> [Problem description]: Note on the material below: return exactly the lines from the line that holds "technology desk concept" through the line that holds "Изделие стеганое широкими", and leave out each picture.

> [Provided data]:
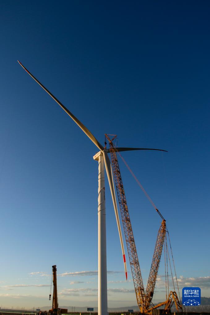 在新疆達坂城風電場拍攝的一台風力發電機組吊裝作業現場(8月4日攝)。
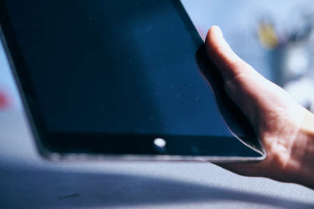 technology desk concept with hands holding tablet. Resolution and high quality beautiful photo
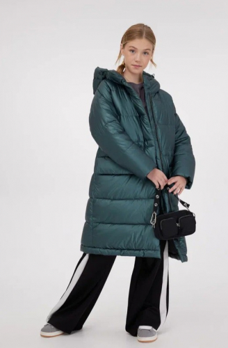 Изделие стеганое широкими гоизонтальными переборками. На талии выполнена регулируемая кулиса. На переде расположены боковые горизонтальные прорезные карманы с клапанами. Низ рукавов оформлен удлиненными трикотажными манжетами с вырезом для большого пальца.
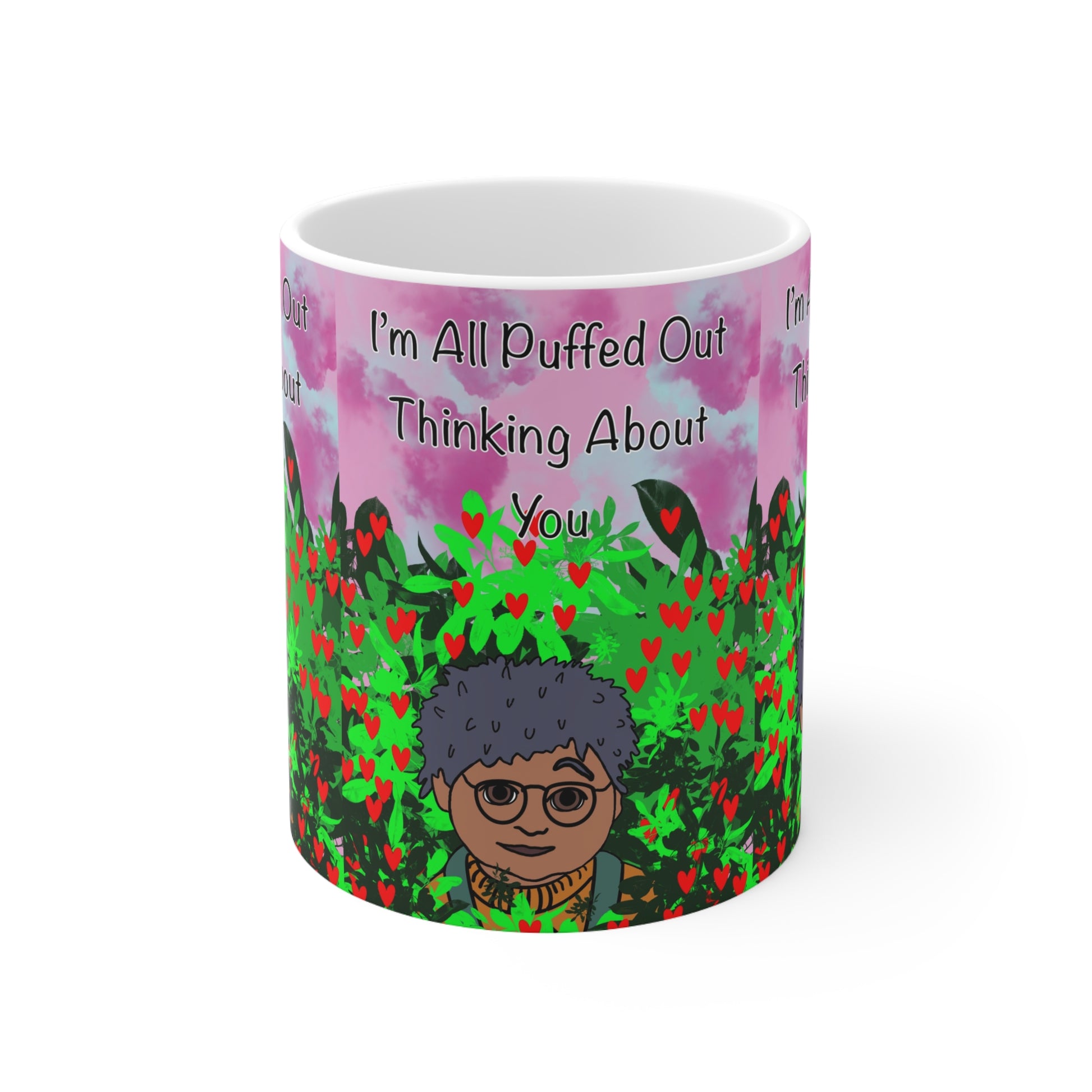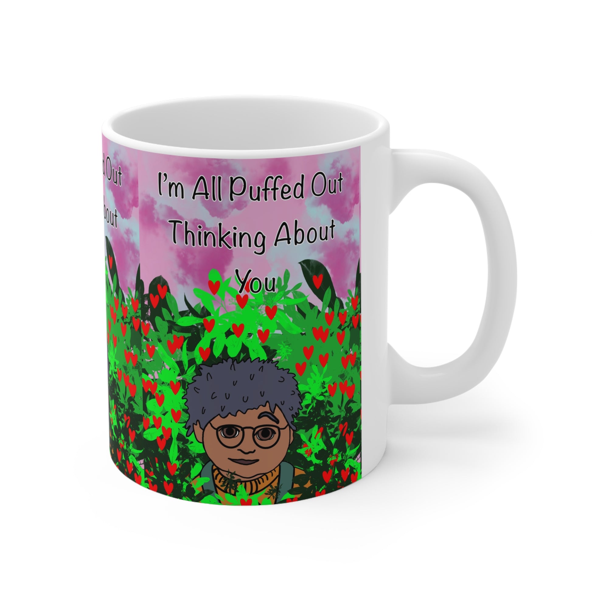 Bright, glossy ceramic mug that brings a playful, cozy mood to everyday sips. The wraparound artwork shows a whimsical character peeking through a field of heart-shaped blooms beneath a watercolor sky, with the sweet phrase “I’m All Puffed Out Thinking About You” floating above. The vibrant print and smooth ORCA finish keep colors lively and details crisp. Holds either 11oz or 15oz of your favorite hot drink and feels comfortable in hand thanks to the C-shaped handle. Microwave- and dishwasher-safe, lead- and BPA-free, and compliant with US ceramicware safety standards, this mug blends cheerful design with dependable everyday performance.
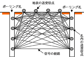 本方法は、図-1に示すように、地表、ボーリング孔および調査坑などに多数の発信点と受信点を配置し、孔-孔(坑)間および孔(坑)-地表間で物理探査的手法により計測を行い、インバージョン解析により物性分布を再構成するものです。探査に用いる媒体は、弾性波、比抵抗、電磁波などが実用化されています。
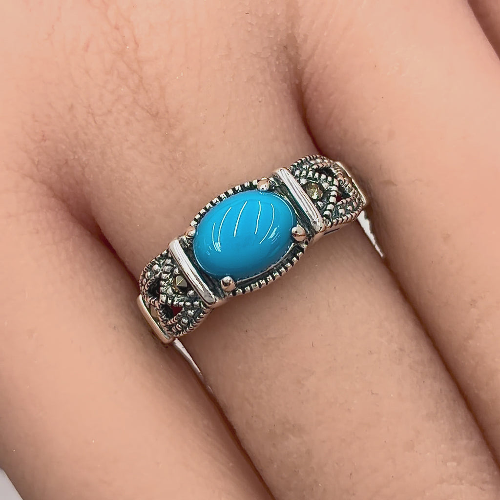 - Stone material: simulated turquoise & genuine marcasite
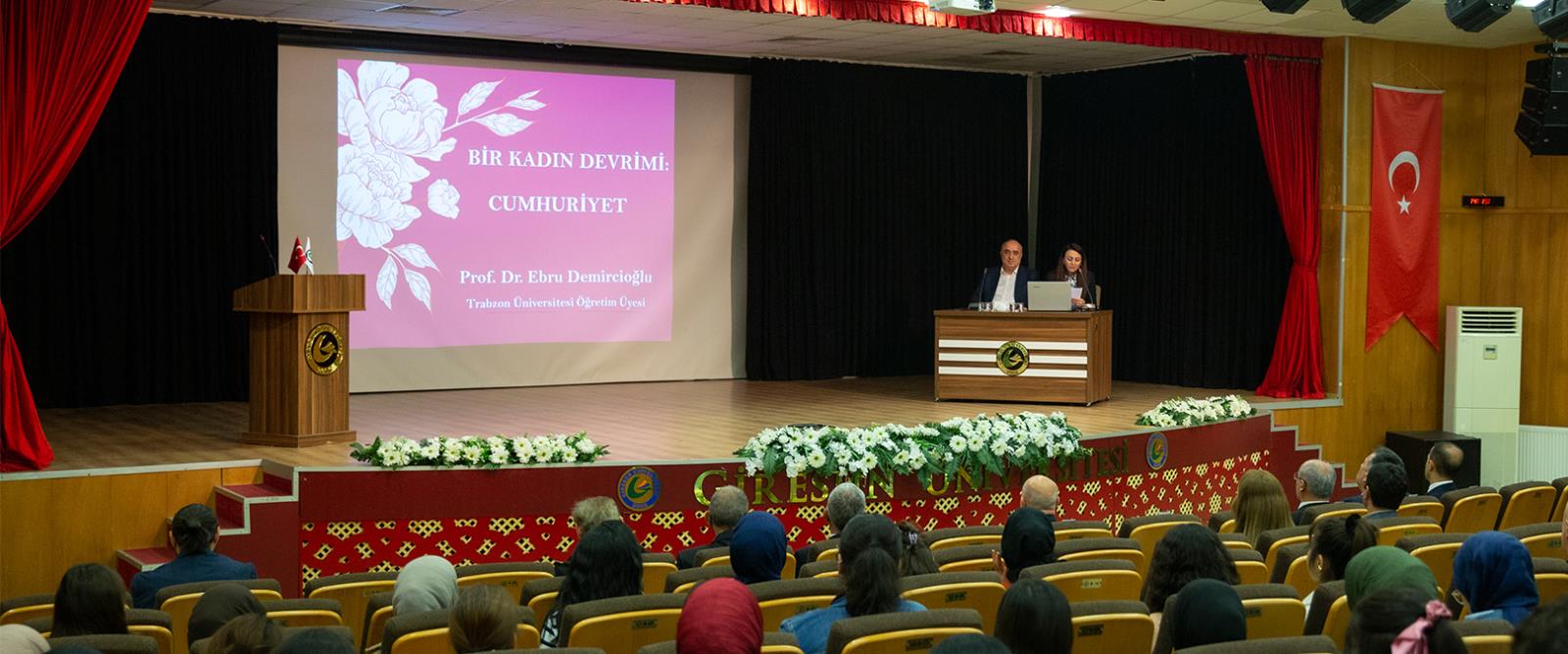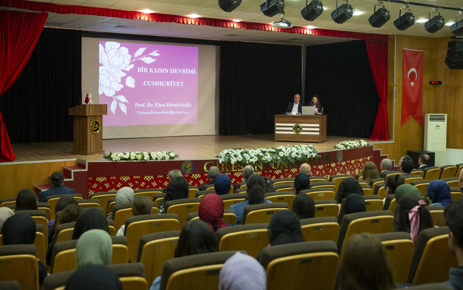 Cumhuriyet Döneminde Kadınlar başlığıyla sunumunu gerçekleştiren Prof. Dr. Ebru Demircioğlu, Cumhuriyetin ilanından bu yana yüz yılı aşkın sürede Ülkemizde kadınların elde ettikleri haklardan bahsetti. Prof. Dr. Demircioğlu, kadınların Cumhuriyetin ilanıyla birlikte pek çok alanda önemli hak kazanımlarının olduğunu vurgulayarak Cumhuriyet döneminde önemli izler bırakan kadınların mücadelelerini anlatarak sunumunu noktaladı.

> [Written answer]:
 technology desk concept with hands holding tablet. Resolution and high quality beautiful photo
 Изделие стеганое широкими гоизонтальными переборками. На талии выполнена регулируемая кулиса. На переде расположены боковые горизонтальные прорезные карманы с клапанами. Низ рукавов оформлен удлиненными трикотажными манжетами с вырезом для большого пальца.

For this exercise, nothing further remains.